**WORK INSTRUCTIONS:** Your output should be the complete listing, word for word, with no pictures in it.

**DATA BELOW:**
******

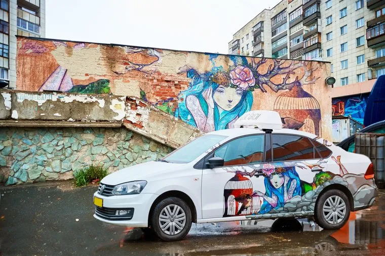 На машины партнеров сервиса «Яндекс.Такси» в Екатеринбурге нанесли работы уличных художников — участников фестиваля «STENOGRAFFIA». Перенести известные горожанам граффити на автомобили решили авторы проекта «Двигаем искусство».
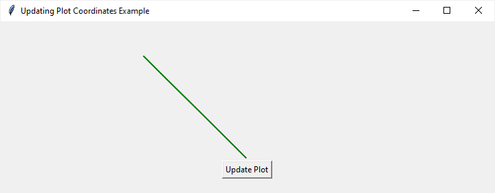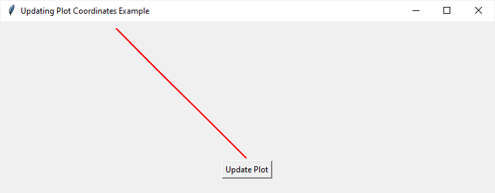 在此示例中,當按下“更新繪圖”按鈕時,會呼叫 update_plot 函式。它利用 canvas.coords 修改線條的座標,有效地更新了繪圖。此外,canvas.itemconfig 用於更改線條的顏色。
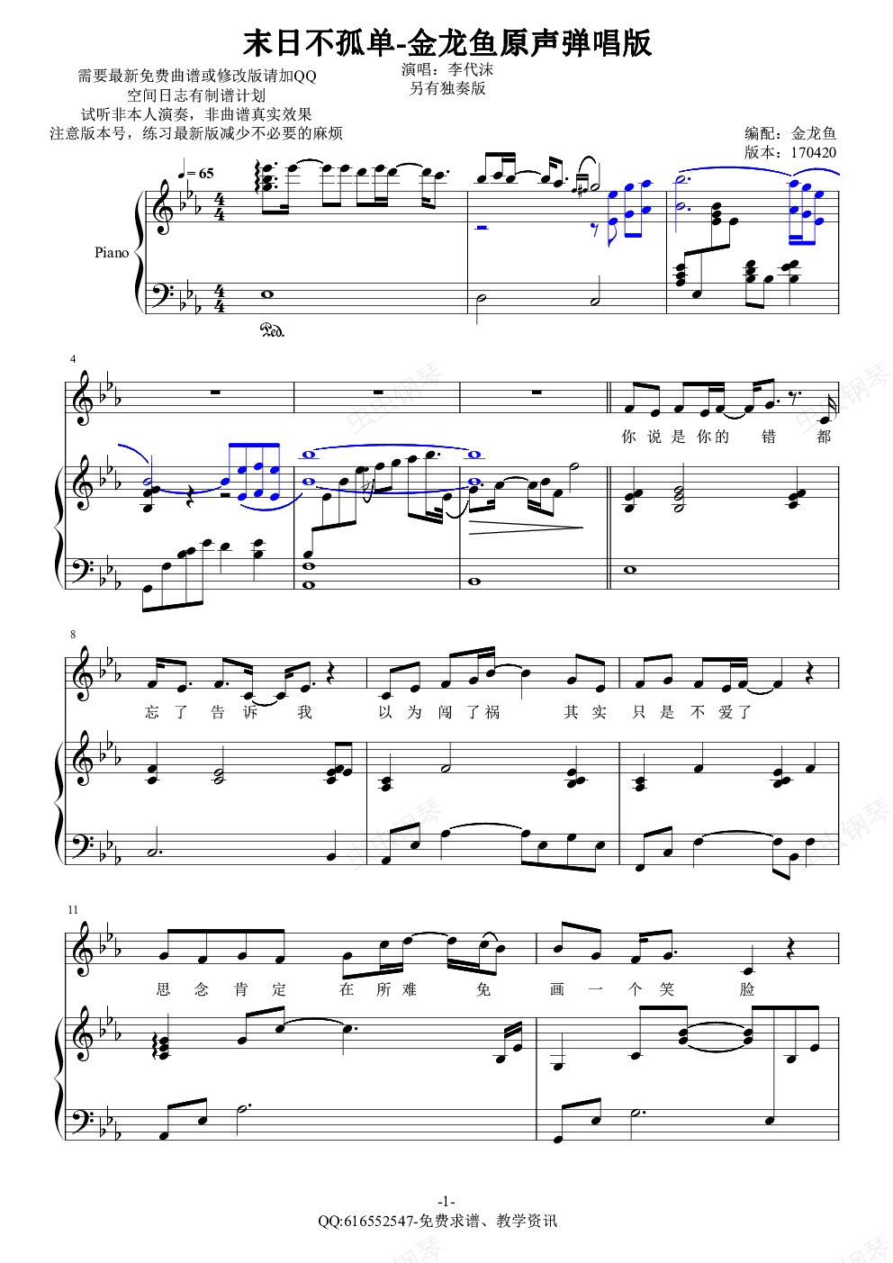 版本说明 特别声明:本人放出的所有钢琴谱均完整上传至曲谱分享网站,并定时更新,不以琴谱做任何牟利(除本人原创音乐以外) 编写曲谱和完整放出的目的是为了同广大琴友学习交流钢琴演奏、音乐理论等问题…… 对此伴奏谱有:转调、简化、速成等需求的请加 免费扒谱编配请加QQ,人多需要排队,但不会收费 放出的伴奏谱中有本人弹奏时为了方便自己弹奏或者为达到更好个人弹奏效果而做改动, 具体求谱、写谱、谱面等问题的详细说明请参考QQ空间日志 放出为大家分享,金龙鱼所有曲谱(除原创)不用作商业用途,仅供大家弹奏时参考用, 固定每周出新 再次特别声明,本人放出只是为了交流学习,觉悟他求!从求谱到制谱发布中间没拿过一分钱,希望别有用心之人看清楚 。。。。。。以后的修改版都会在QQ放出版本修改的具体内容,欢迎大家查阅 设置版本号以及不停的改版给大家的练习带来烦恼,本人对此表示抱歉 但是,人都是在不停学习进步的,随着学习和实践的深入,我对我以前的谱子会有新的想法,以前谱中出现的错误得以在知识丰满后修正,这是对所有人的尊重, 希望大家谅解,这么做的目的也是源于本人放谱的目的:为了学习交流,为了促使自己的进步

******

**SOLVED PROBLEM:**
 На машины партнеров сервиса «Яндекс.Такси» в Екатеринбурге нанесли работы уличных художников — участников фестиваля «STENOGRAFFIA». Перенести известные горожанам граффити на автомобили решили авторы проекта «Двигаем искусство».
 在此示例中,當按下“更新繪圖”按鈕時,會呼叫 update_plot 函式。它利用 canvas.coords 修改線條的座標,有效地更新了繪圖。此外,canvas.itemconfig 用於更改線條的顏色。
 版本说明 特别声明:本人放出的所有钢琴谱均完整上传至曲谱分享网站,并定时更新,不以琴谱做任何牟利(除本人原创音乐以外) 编写曲谱和完整放出的目的是为了同广大琴友学习交流钢琴演奏、音乐理论等问题…… 对此伴奏谱有:转调、简化、速成等需求的请加 免费扒谱编配请加QQ,人多需要排队,但不会收费 放出的伴奏谱中有本人弹奏时为了方便自己弹奏或者为达到更好个人弹奏效果而做改动, 具体求谱、写谱、谱面等问题的详细说明请参考QQ空间日志 放出为大家分享,金龙鱼所有曲谱(除原创)不用作商业用途,仅供大家弹奏时参考用, 固定每周出新 再次特别声明,本人放出只是为了交流学习,觉悟他求!从求谱到制谱发布中间没拿过一分钱,希望别有用心之人看清楚 。。。。。。以后的修改版都会在QQ放出版本修改的具体内容,欢迎大家查阅 设置版本号以及不停的改版给大家的练习带来烦恼,本人对此表示抱歉 但是,人都是在不停学习进步的,随着学习和实践的深入,我对我以前的谱子会有新的想法,以前谱中出现的错误得以在知识丰满后修正,这是对所有人的尊重, 希望大家谅解,这么做的目的也是源于本人放谱的目的:为了学习交流,为了促使自己的进步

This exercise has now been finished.